Ks. Zulehner: kapłan budowniczym mostów między Ewangelią a życiem nowoczesnego człowieka
18 czerwca 2009 | 09:38 | tom (KAI) / ju. Ⓒ Ⓟ
„Duchowy krzyż”, który niosą księża, obarczeni systematycznym i praktycznym studiowaniem teologii, polega na budowaniu mostów między Ewangelią a życiem nowoczesnego człowieka.
W rozmowie z KAI ks. prof. Paul Zulehner, wybitny austriacki socjolog religii mówi m.in. o religijności Europejczyków i Polaków, największych wyzwaniach stojących przed Kościołem na naszym kontynencie i w Polsce oraz kryzysie powołań kapłańskich.
Czy Europejczycy są jeszcze religijni? Jakie tendencje w sferze religijności możemy zaobserwować na naszym kontynencie?
Ks. prof. Paul Zulehner: Między europejskimi krajami są w tej kwestii duże rozbieżności. Obok rozwiniętych kultur religijnych jak Malta, Chorwacja, Polska mamy również Czechy, Estonię i wschodnie landy Niemiec, gdzie religia ma niewielkie znaczenie.
Prognozy na nadchodzące lata są różne. W krajach prawosławnych należy liczyć się z dalszym rozwojem religijności. Zupełnie inaczej jest w Polsce, gdzie 71 proc. społeczeństwa uważa, że za dziesięć lat będzie mniej wierzących.

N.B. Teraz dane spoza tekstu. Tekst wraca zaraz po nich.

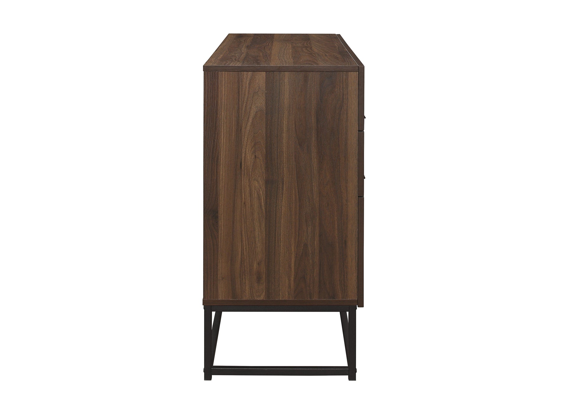 Crafted from a mix of metal and walnut effect wood, the Houston distinctive, modern style oozes sophistication inspired by modern architecture. The Houston 6 Drawer Chest is designed with four spacious drawers and is ideal for storing away any belongings. This versatile range is crafted from particle board with walnut effect finish. Care instructions: Wipe carefully with a soft, dry cloth.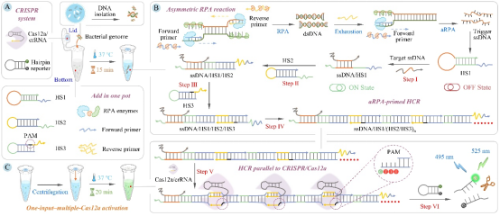 为确保食品安全,需要对沙门氏菌等病原体进行准确且简便的检测。然而,传统检测方法存在处理时间长、操作复杂以及准确性欠佳等问题。本研究通过杂交链式反应信号转导,将传统CRISPR检测中“一对一”的激活模式转变为“一输入、多激活”的协同放大模式。整个检测系统采用单管设计,操作简便,污染风险低,适合在资源有限的环境下开展现场快速筛查工作。此外,该技术采用模块化设计,只需更换识别序列,便能轻松适配其他病原体的检测。
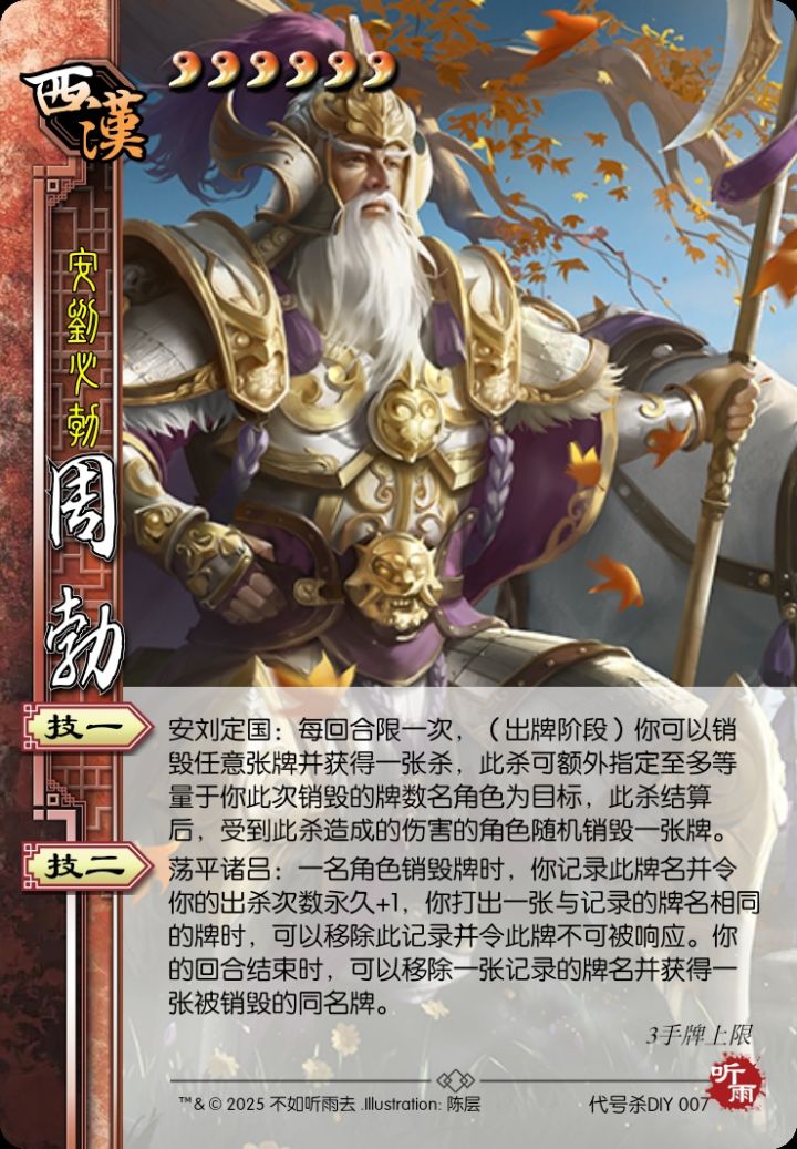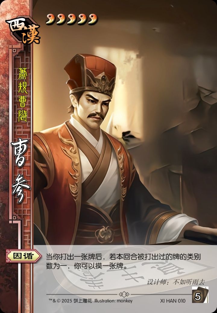 欢迎来到听雨的个人自设武将扩展包【饼上雕花】系列专栏!本扩展包包括但不限于《代号杀》官方武将个人向改将和番外包个人DIY。扩展包整体强度体系以本包为准,不考虑上线《代号杀》游戏(如果有机会上线的话)的实际强度。与官方武将相比,该扩展包的武将体力上限与手牌上限之和改为10而非官方的9“萧何为法,若画一;曹参代之,守而勿失。载其清净,民以宁一。”曹参 5勾玉5手牌上限势力:西汉称号:萧规曹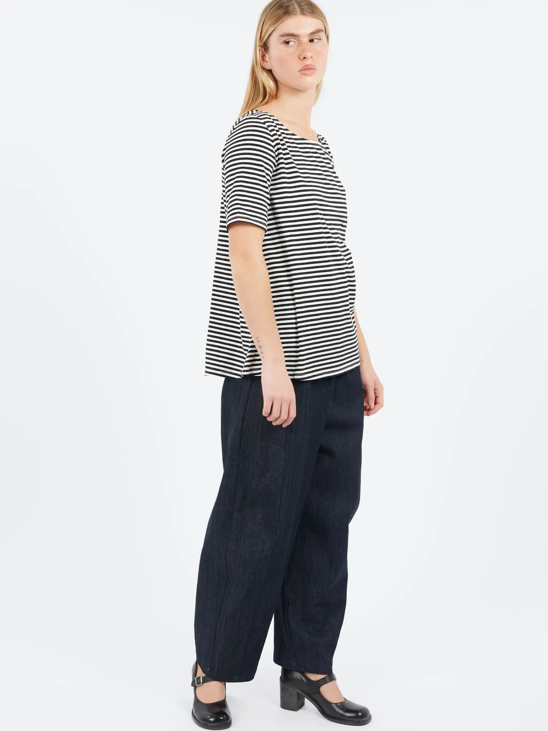 A basic t-shirt with a striped pattern and an A-line silhouette. Featuring a round neckline, short sleeves, and an easy fit, this piece embodies the relaxed essence of the Neirami silhouette. The wide, intentionally abundant lines are designed to enhance both comfort and dynamism, creating a stylish and effortless look.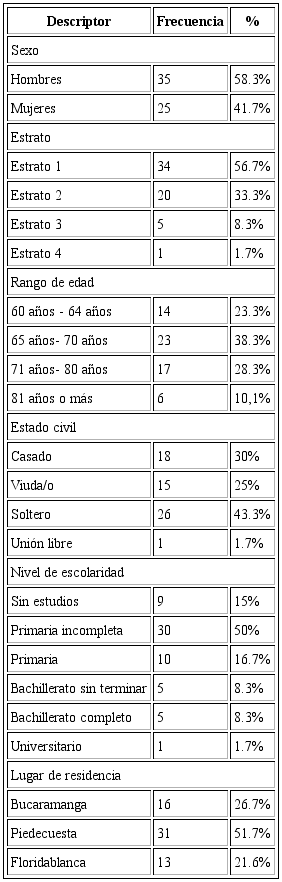 En cuanto a las características sociodemográficas de los participantes, la muestra estuvo conformada en un 58,3% por hombres y un 41,7% por mujeres con una edad entre los 65-70 años (38,3%), 71-80 años (28,3%), 60-64 años (23,3%) y de 81 años en adelante. El 56,7% con estrato socioeconómico 1 y el 33,3% con estrato socioeconómico 2, evidenciando que solo el 10% hacen parte de los estratos 3 y 4. Presentan un nivel de escolaridad de primaria incompleta (50%) y primaria completa (16.7%), por lo demás, el 15% sin estudios, el 8.3% bachillerato completo y bachillerato sin terminar y el 1.7% con título universitario. Finalmente, cabe recalcar que son residentes de los municipios de Piedecuesta (51.7 %), Bucaramanga (26.7%) y Floridablanca (21.6%).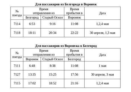 В связи с предстоящими выходными и праздничными днями скорректировано расписание движение поездов проекта «Соединяя Черноземье» по маршруту «Белгород – Старый Оскол – Воронеж». Об этом сообщили в региональном Минтрансе.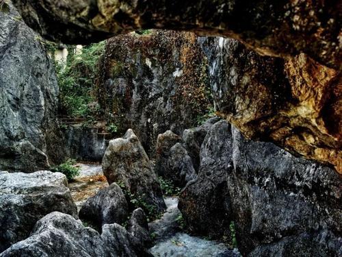 霹靂巖洞玲瓏,在這里看石,目不暇接,入眼成景,奇石數不勝數。洞中建有三層樓臺,巖下林木掩映洞口,石骨嶙嶙。洞外山清水秀,繁花似錦。洞內寬闊,猶如一個大廳,巖壁凹凸有致,地面平坦。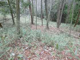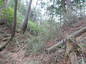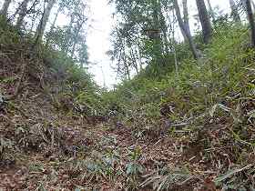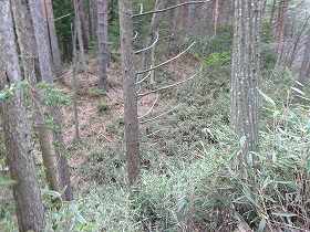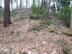 しかし、よくよく考えてみると、これらは道ではなく、城の帯曲輪だったようだ。この城には、かなり山麓に近い部分から、多数の帯曲輪が造成されているのである。つまり、登り始めてすぐに遺構に接することができるというわけである。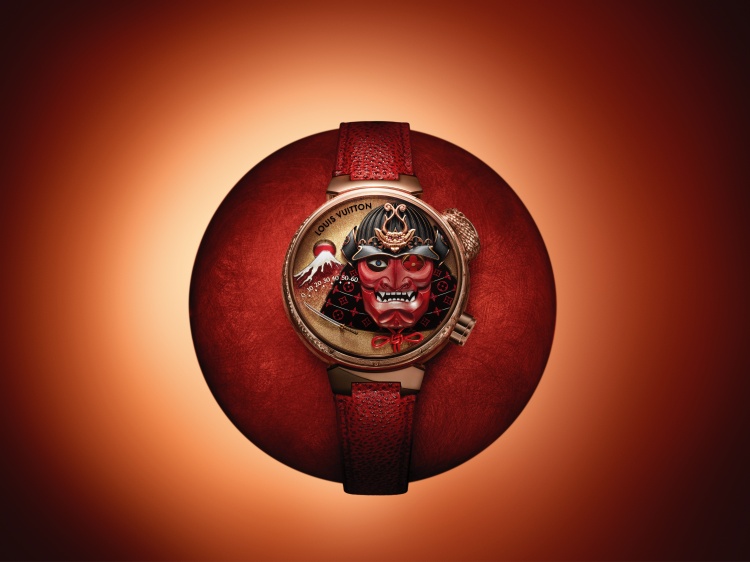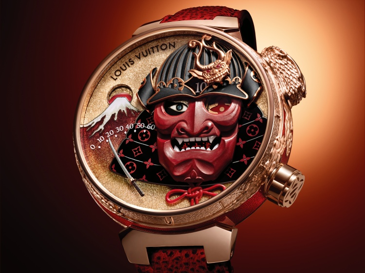 這枚採用 LV 525 機芯的自動人偶腕錶不只會動,還會說故事。LV 把日本歷史裡象徵「榮譽與責任」的武士精神濃縮在短短16秒的動畫裡。「鎧兜」(武士頭盔)揭示跳時數字、武士刀展現逆跳分鐘,搭配雕刻細緻如浮世繪的面具、掐絲琺瑯工藝的富士山,以及閃閃發亮的玫瑰金鑲嵌紅寶石「妖怪」隱藏其中——你看著它,不只是看時間,而是看一個時代如何在金屬與琺瑯中復活。這是錶嗎?或許它更像是一幅會動的浮世繪。

Jaka jest sytuacja chrześcijaństwa i Kościoła katolickiego w dzisiejszej Europie?
– Charakterystyczne dla Europy jest to, że „postępowość” musiała się w wielu krajach przeciwstawić Kościołowi katolickiemu. Tak zwany antymodernizm w XX w. jest tego dobrym przykładem. Drugi Sobór Watykański z wielkim papieżem Janem XXIII na czele szukał dialogu z nowoczesnym światem, aby zakorzenić w nim Ewangelię. Dzisiaj wielu uważa, że to otwarte okno Kościoła jest kłopotliwe i próbuje je ponownie zamknąć. Ale czy Kościół ma inne wyjście, jak troszczyć się o dobro wszystkich w każdym czasie, który Bóg nam darował?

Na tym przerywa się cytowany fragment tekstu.